*** Block opens ***

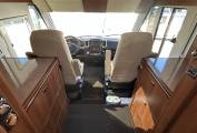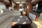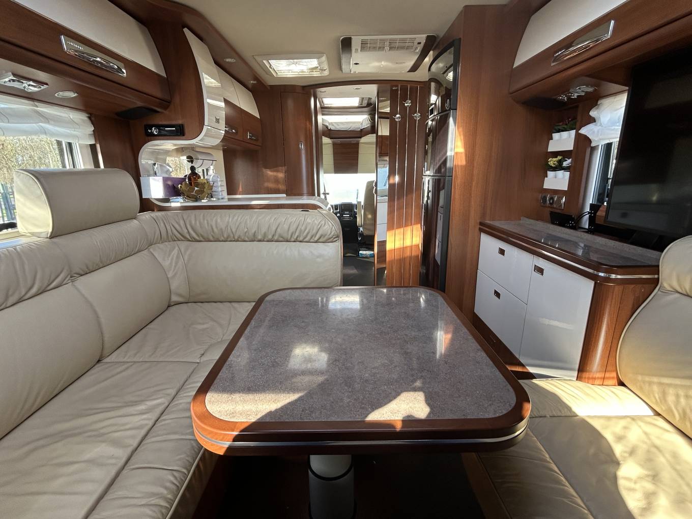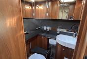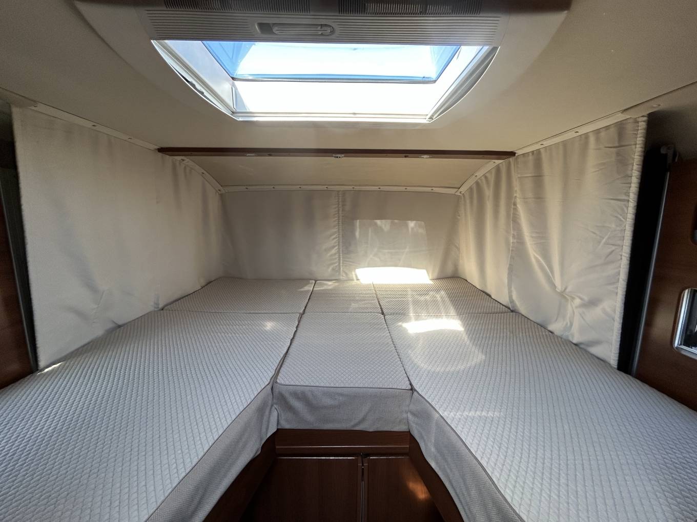 This Carthago has a beautiful rear U shape lounge complimented with a stylish dining table and elegant overhead lockers. At the press of a button a large TV emerges from behind the sofa. At bedtime the sofas and table convert into a very comfortbale kingsize bed. The other 2 sleeping berths are at the front of the motorhome. The electric drop down bed gives you the option of using it as 2 singles or as a kingsize.
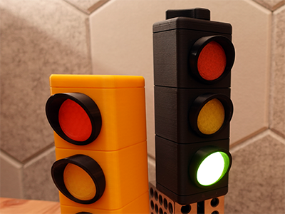Use this if you want a play-friendly non-electronic traffic light. Just skip adding the lenses and either paint or use vinyl stickers to give each layer of the solid shutter the desired light color. The solid shutter has indicator lines dividing the area to be colored. - No Shutter
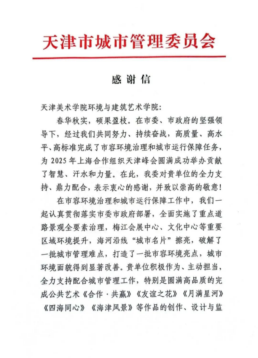 天津上合峰会成功举办,标志天津开放发展里程碑,检验其统筹人才与环境实力。天津美术学院景育民教授团队,在竞争中获峰会全部五项公共艺术项目任务。景育民曾完成全运会主火炬塔等重大项目,此次成果获央视等权威报道,为城市注文化魅力、展天津形象,也为天美赢得崇高社会荣誉。
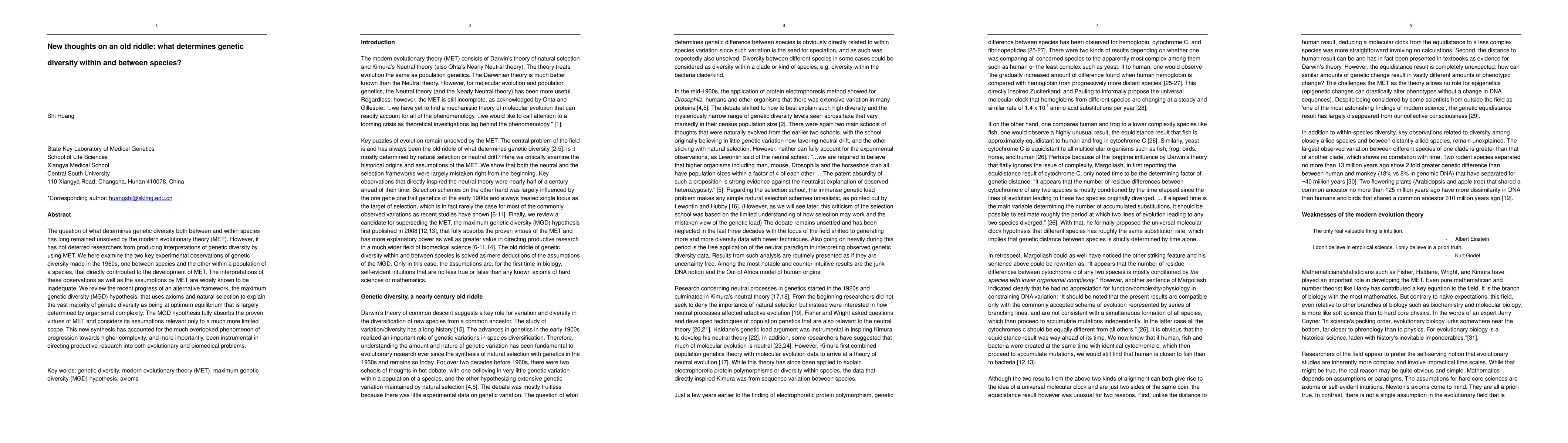 The question of what determines genetic diversity both between and within species has long remained unsolved by the modern evolutionary theory (MET). However, it has not deterred researchers from producing interpretations of genetic diversity by using MET. We here examine the two key experimental observations of genetic diversity made in the 1960s, one between species and the other within a population of a species, that directly contributed to the development of MET. The interpretations of these observations as well as the assumptions by MET are widely known to be inadequate. We review the recent progress of an alternative framework, the maximum genetic diversity (MGD) hypothesis, that uses axioms and natural selection to explain the vast majority of genetic diversity as being at optimum equilibrium that is largely determined by organismal complexity. The MGD hypothesis fully absorbs the proven virtues of MET and considers its assumptions relevant only to a much more limited scope. This new synthesis has accounted for the much overlooked phenomenon of progression towards higher complexity, and more importantly, been instrumental in directing productive research into both evolutionary and biomedical problems.
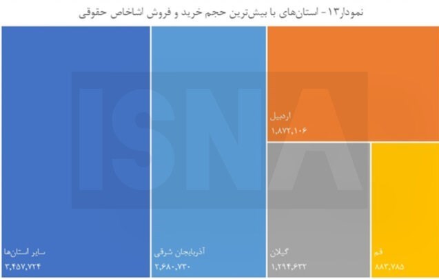 مطابق آمارها، اشخاص حقوقی در خردادماه سال جاری در مجموع 32 هزار و 349 همت معاملات برخط و غیر برخط انجام دادند که سهم عاملات برخط 16 هزار و 762 همت بوده که نسبت به مدت مشابه در سال قبل 28 درصد رشد اما نسبت به ماه قبل این گزارش (اردیبهشت ماه) 54 درصد کاهش داشته و پنج استان تهران با 14 هزار و 567 همت، آذربایجان شرقی با 268 همت، اردبیل با 187 همت، گیلان با 129 همت و قم با 88 همت در جایگاه اول تا پنجم قرار گرفتهاند.
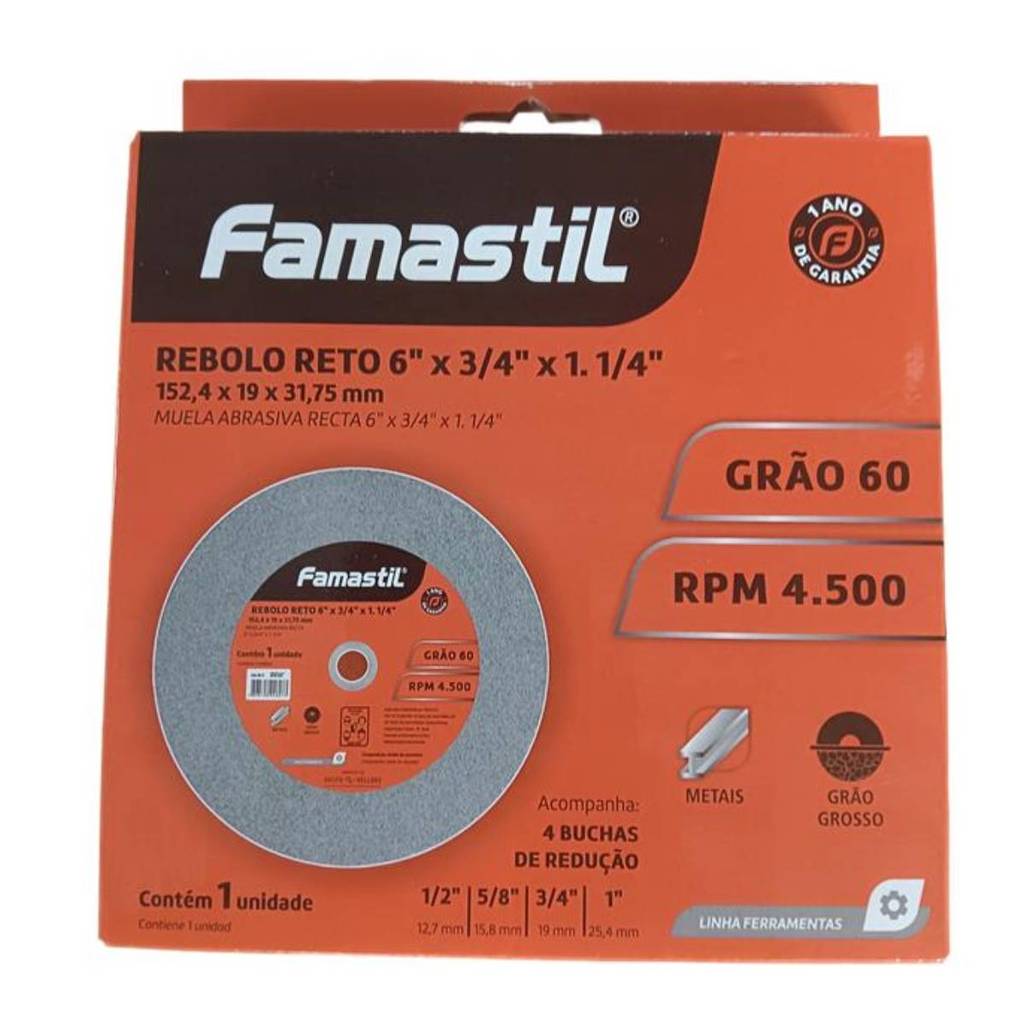 Rebolo Abrasivo Famastil 6 Polegadas Grão 60 — Para Afiação e Desbaste de Metais Alta Precisão e Durabilidade
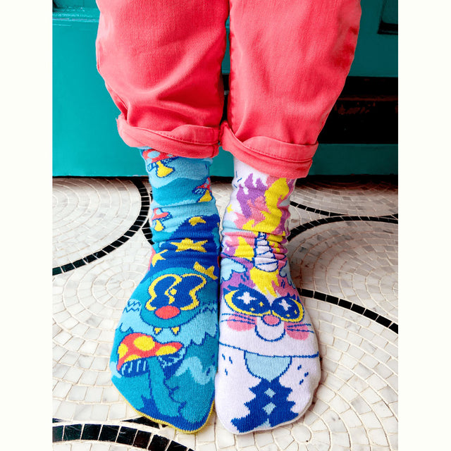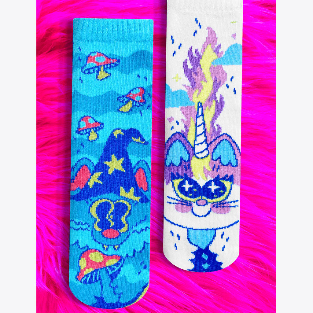 BRAND NEW FOR SPRING! The latest Pals drop is absolutely magical. Meet our newest mystical Pals: Abra the wizard cat & Catabra the caticorn! These maximalist cat socks are 1 of 3 purrfectly mismatched pairs from the limited edition Pinkgabbercat collection by Gabby Kash. These psychedelic besties don't match. It's so much better that way. The best kinda pals are the ones who expose you to all of the good things life has to offer. When you wear these socks, you'll flaunt our maniFEETsto of creating a friendlier, vibrant, more open-minded planet.
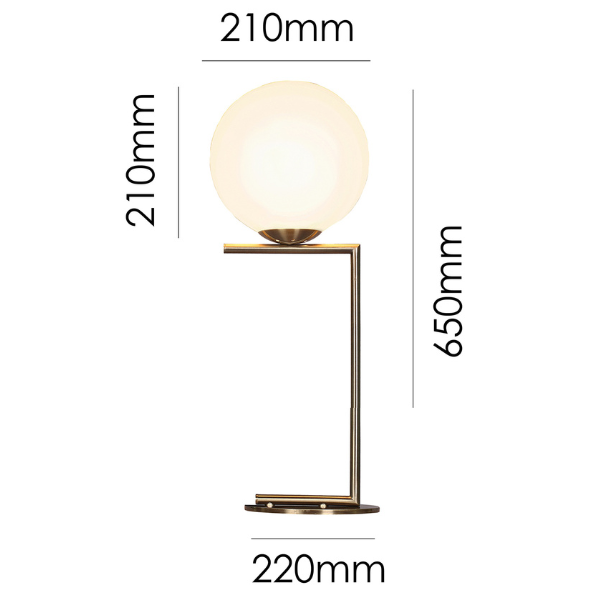 | Height: 650mm Width: 210mm Base: 220mm Shade: 210x210mm Colour/Material: Antique Gold Metal Base, Opal Glass Ball Shade |

*** Block closes ***

**TASK DIRECTIONS:** From the records above, copy exactly the stretch from the line holding "Use this if" through the line holding "天津上合峰会成功举办,标志天", both ends included, without the pictures.

**ANSWER FOR THIS EXERCISE:**
Use this if you want a play-friendly non-electronic traffic light. Just skip adding the lenses and either paint or use vinyl stickers to give each layer of the solid shutter the desired light color. The solid shutter has indicator lines dividing the area to be colored. - No Shutter
 天津上合峰会成功举办,标志天津开放发展里程碑,检验其统筹人才与环境实力。天津美术学院景育民教授团队,在竞争中获峰会全部五项公共艺术项目任务。景育民曾完成全运会主火炬塔等重大项目,此次成果获央视等权威报道,为城市注文化魅力、展天津形象,也为天美赢得崇高社会荣誉。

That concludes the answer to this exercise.